Folkman and Jack Zenger emphasized in the Harvard Business Review last year that “talented individuals are more inclined to stay with organizations when they feel they are progressing.” Writing skills transfer across any job — fueling career progress even for people who change fields.
Terk offers these five tips for managers who need their employees to focus their internal email-writing skills, or to use their external writing to project a more polished image of the organization:
- Remember that writing can feel personal — even in a business context. “Don’t focus more on an impersonal grammar rule than on your employee’s reactions,” Terk says. “Stay constructive, and show faith in people’s ability to grow.”
- Start your feedback by acknowledging something positive. “Maybe they’ve assembled all the right facts, although a different order might work better. Or maybe they’ve settled on exactly the right idea and just need some tips on concise writing. Start with the positive before introducing a new technique.”
- Ask open-ended questions about your employee’s writing purpose. Terk suggests asking, for instance, “With this particular memo, is there a key topic you wanted to simply inform readers about? Or was your purpose to persuade readers to take action instead?”
- Provide specific feedback with examples — not vague comments about trying a different approach. “Asking people to analyze a specific paragraph is much less intimidating than suggesting their whole writing strategy ‘needs work.’”

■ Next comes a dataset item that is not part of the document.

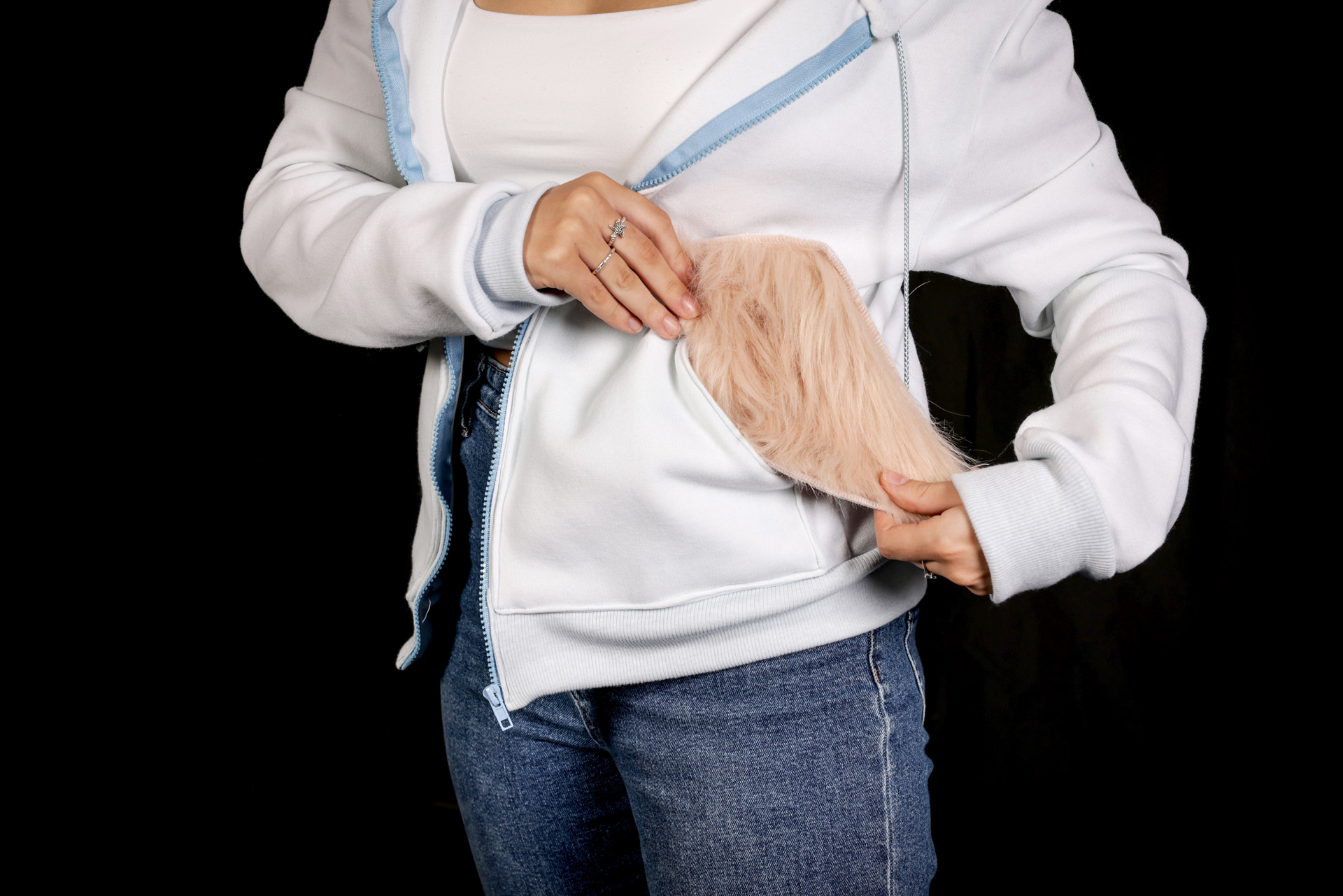 My gender-neutral hoodie design features fidget and soothing accessories to assist users in moderating their anxiety and/or other sensory needs discreetly in public. The interchangeable pocket inserts and compression elements can be removed and attached depending on the wearer's preferences. The soft, hand dyed fleece is a calming, neutral colour, offering another soothing feature for the wearer.

- Focus on planning and writing processes that employees can modify and replicate. “Take email subject lines,” Terk says. “You could show employees how to include a persuasive call to action in the subject line of one email they wrote last week. Then you could ask them to repeat the process for the last five persuasive emails they sent out.”
Managers can use Terk’s workbooks to model effective communication and to coach their employees. The seven books in The Write It Well Series on Business Communication include writing exercises with suggested answers, and the firm also coaches and trains managers directly on ways to improve their own writing skills.
“Better writing will save time and improve results every day,” Terk says. “Reliable writing skills prevent misunderstandings and help an employee provide just the info or persuasive ideas that everyone benefits from.”
These outcomes guarantee a solid ROI for the time and effort managers invest into coaching employees to grow as on-the-job writers.